DESCRIPTION OF THE TASK
Write out the lines below once more, exactly as they appear. Do not include pictures.

EXERCISE DATA
○ ○ ○ ○ ○ ○ ○

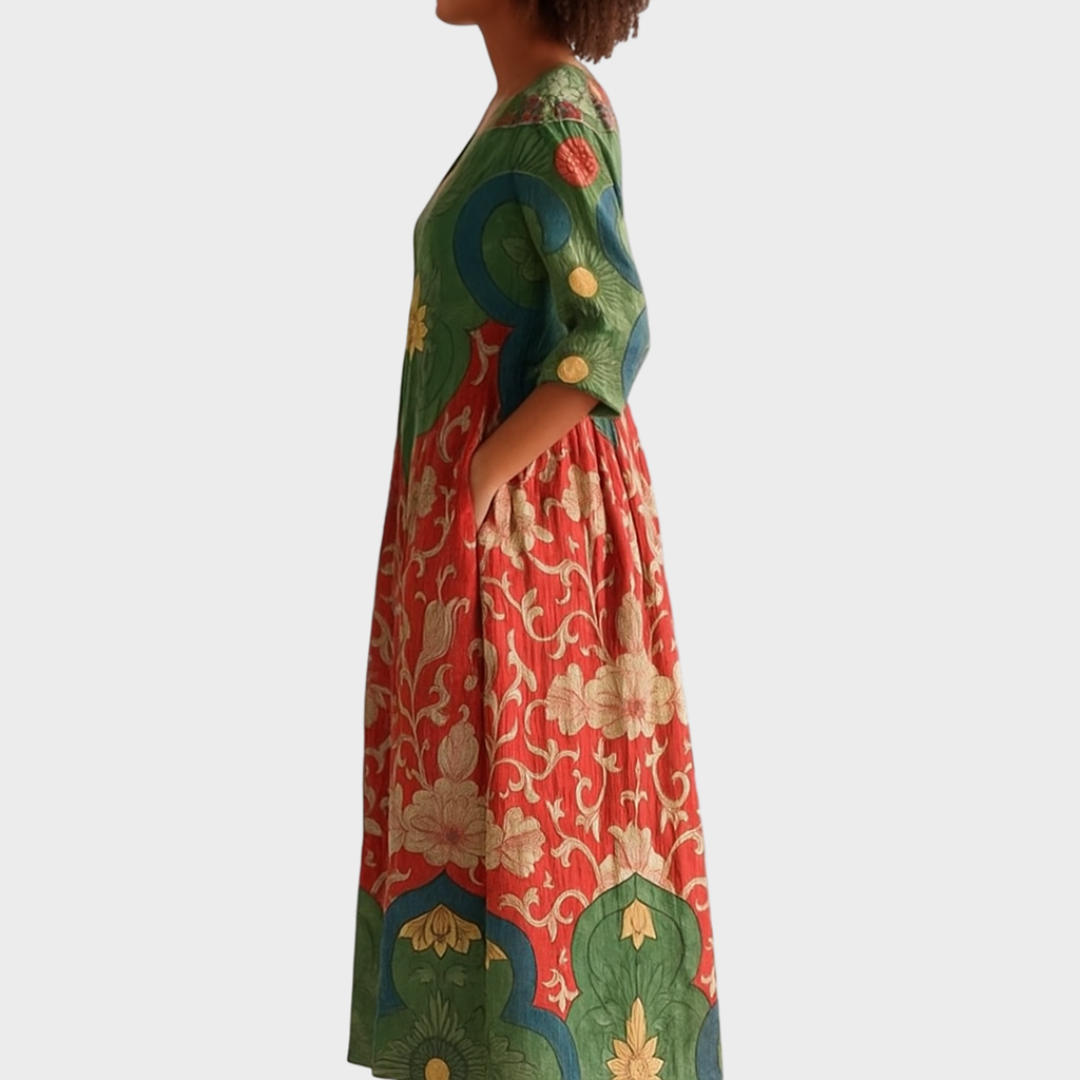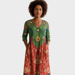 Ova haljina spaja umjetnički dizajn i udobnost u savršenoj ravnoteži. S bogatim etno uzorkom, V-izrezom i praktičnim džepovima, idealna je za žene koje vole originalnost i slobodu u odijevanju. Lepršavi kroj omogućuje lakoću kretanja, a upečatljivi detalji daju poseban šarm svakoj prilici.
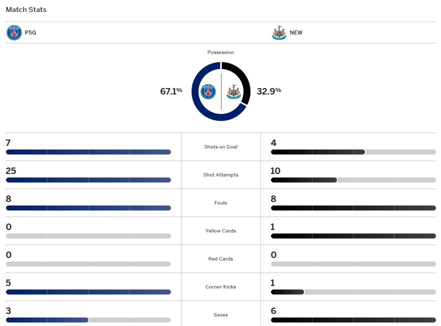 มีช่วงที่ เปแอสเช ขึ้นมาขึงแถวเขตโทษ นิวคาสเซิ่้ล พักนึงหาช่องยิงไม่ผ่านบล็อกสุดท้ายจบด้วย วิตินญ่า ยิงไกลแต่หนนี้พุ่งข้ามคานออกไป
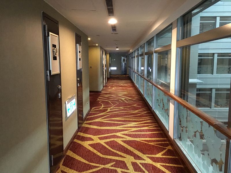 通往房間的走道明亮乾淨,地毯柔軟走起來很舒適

○ ○ ○ ○ ○ ○ ○

TASK OUTPUT
 Ova haljina spaja umjetnički dizajn i udobnost u savršenoj ravnoteži. S bogatim etno uzorkom, V-izrezom i praktičnim džepovima, idealna je za žene koje vole originalnost i slobodu u odijevanju. Lepršavi kroj omogućuje lakoću kretanja, a upečatljivi detalji daju poseban šarm svakoj prilici.
 มีช่วงที่ เปแอสเช ขึ้นมาขึงแถวเขตโทษ นิวคาสเซิ่้ล พักนึงหาช่องยิงไม่ผ่านบล็อกสุดท้ายจบด้วย วิตินญ่า ยิงไกลแต่หนนี้พุ่งข้ามคานออกไป
 通往房間的走道明亮乾淨,地毯柔軟走起來很舒適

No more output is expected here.